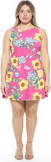 Plus Size Floral Round Neck Sleeveless A-Line Mini Shift Dress
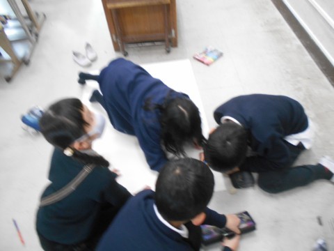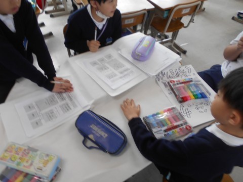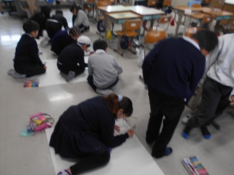2クラスとも総合の学習で学んで地域のよさ,すてきなところを2月の参観に向けて模造紙にまとめていました。
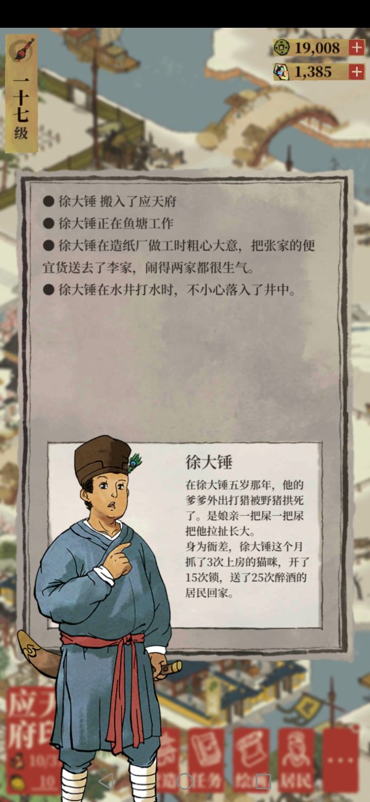大家好,我是徐大锤。今天打水我掉井里了,目前还没出来呢。知府大人派我去打水,我刚搬来应天府,入职不久,也不知道水井在哪,就问了下同僚,他们说你出府门右拐就能看到了。我摸摸头,拐出府门一看,嚯!好家伙,一二三四六口井,全在餐馆这一块儿,可不愁用水了。我寻思着也不知道知府大人怎么规划的,虽然井口修的很高,但是还是有些危险,我得向知府大人提提意见,但是目前最要紧的还是打水。我就近一口井准备扔水桶下井,
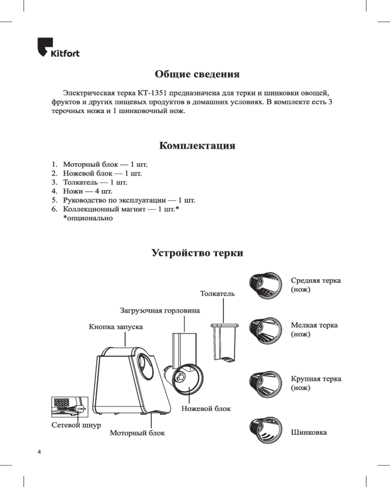 Прибор предназначен для тёрки и шинковки овощей, фруктов и других пищевых продуктов в домашних условиях. В комплекте есть 3 тёрочных ножа и 1 шинковочный нож.
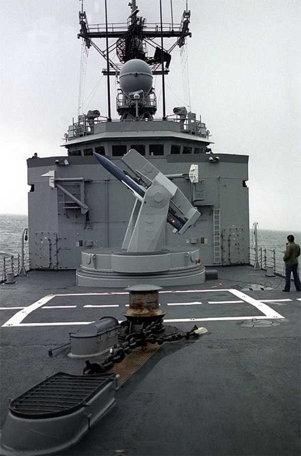 ▲写真 SM-1のダミーミサイル。旧式であり終始誘導が必要で1発射つと命中するまでは次弾は撃てない。誘導装置は艦橋上の卵型レーダ内部と艦橋裏のマーカライト風の2つある。ただ成功型は同時並行に使えるかは不明。 出典:Photo by PH1 Jeff Hilton, USN、Defense Visual Information Center – U.S. Department of Defense (DOD)
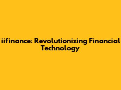 Iifinance: Revolutionizing Financial Technology
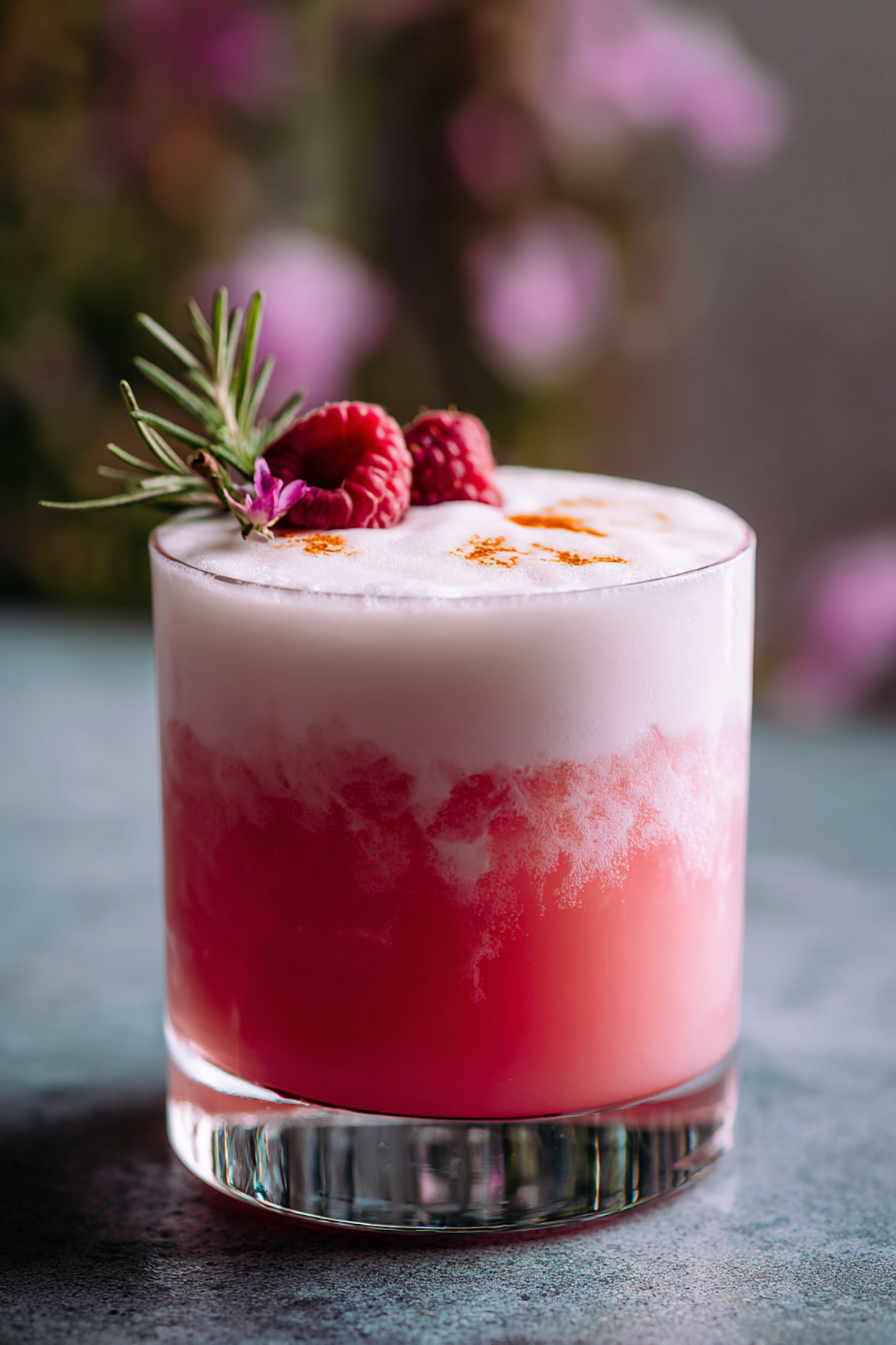 A beautifully crafted pink cocktail with foam, garnished with raspberries, rosemary, and a flower, perfect for a refreshing treat.
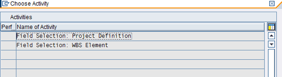 To access field selection for WBS elements use transaction code OPUJ or follow IMG menu path Project System > Structures > Operative Structures > Work Breakdown Structure (WBS) > User Interface Settings. To make the requesting cost center mandatory in WBS element master data, click the execute icon beside Define Field Selection for Work Breakdown Structures. In the Choose Activity pop-up screen (Figure 5), double-click Field selection: WBS Element.
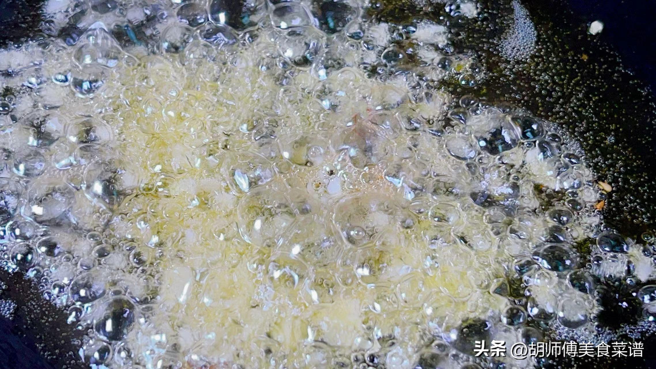 第三步:把鍋燒熱後,放入一勺油到鍋中,等油溫燒到5成熱後,將蒜末放入鍋中,大火將蒜末爆香10秒,徹底激發出大蒜籽的香味。
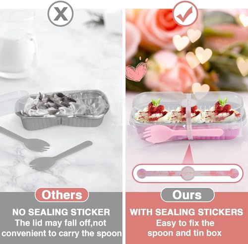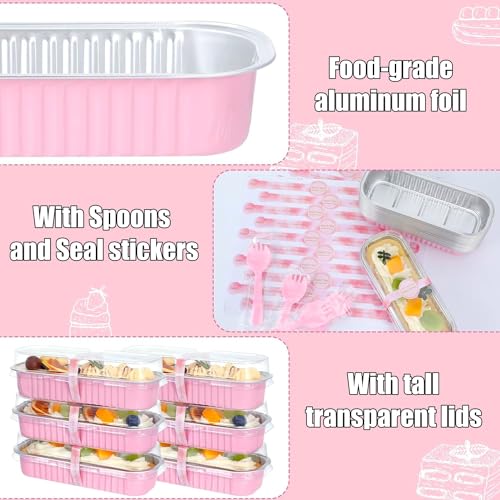 KAHEIGN 50Pcs Mini Loaf Pans with Lids and Spoons, 200ml Rectangular Aluminum Foil Baking Pans Mini Cake Tins Containers with Sealing Sticker for Bread Cake Wedding Birthday Picnic Party (Pink Silver)

**Task requirements:** Reproduce the material word for word. Skip every picture it holds.

**Reply:**
 Plus Size Floral Round Neck Sleeveless A-Line Mini Shift Dress
2クラスとも総合の学習で学んで地域のよさ,すてきなところを2月の参観に向けて模造紙にまとめていました。
大家好,我是徐大锤。今天打水我掉井里了,目前还没出来呢。知府大人派我去打水,我刚搬来应天府,入职不久,也不知道水井在哪,就问了下同僚,他们说你出府门右拐就能看到了。我摸摸头,拐出府门一看,嚯!好家伙,一二三四六口井,全在餐馆这一块儿,可不愁用水了。我寻思着也不知道知府大人怎么规划的,虽然井口修的很高,但是还是有些危险,我得向知府大人提提意见,但是目前最要紧的还是打水。我就近一口井准备扔水桶下井,
 Прибор предназначен для тёрки и шинковки овощей, фруктов и других пищевых продуктов в домашних условиях. В комплекте есть 3 тёрочных ножа и 1 шинковочный нож.
 ▲写真 SM-1のダミーミサイル。旧式であり終始誘導が必要で1発射つと命中するまでは次弾は撃てない。誘導装置は艦橋上の卵型レーダ内部と艦橋裏のマーカライト風の2つある。ただ成功型は同時並行に使えるかは不明。 出典:Photo by PH1 Jeff Hilton, USN、Defense Visual Information Center – U.S. Department of Defense (DOD)
 Iifinance: Revolutionizing Financial Technology
 A beautifully crafted pink cocktail with foam, garnished with raspberries, rosemary, and a flower, perfect for a refreshing treat.
 To access field selection for WBS elements use transaction code OPUJ or follow IMG menu path Project System > Structures > Operative Structures > Work Breakdown Structure (WBS) > User Interface Settings. To make the requesting cost center mandatory in WBS element master data, click the execute icon beside Define Field Selection for Work Breakdown Structures. In the Choose Activity pop-up screen (Figure 5), double-click Field selection: WBS Element.
 第三步:把鍋燒熱後,放入一勺油到鍋中,等油溫燒到5成熱後,將蒜末放入鍋中,大火將蒜末爆香10秒,徹底激發出大蒜籽的香味。
 KAHEIGN 50Pcs Mini Loaf Pans with Lids and Spoons, 200ml Rectangular Aluminum Foil Baking Pans Mini Cake Tins Containers with Sealing Sticker for Bread Cake Wedding Birthday Picnic Party (Pink Silver)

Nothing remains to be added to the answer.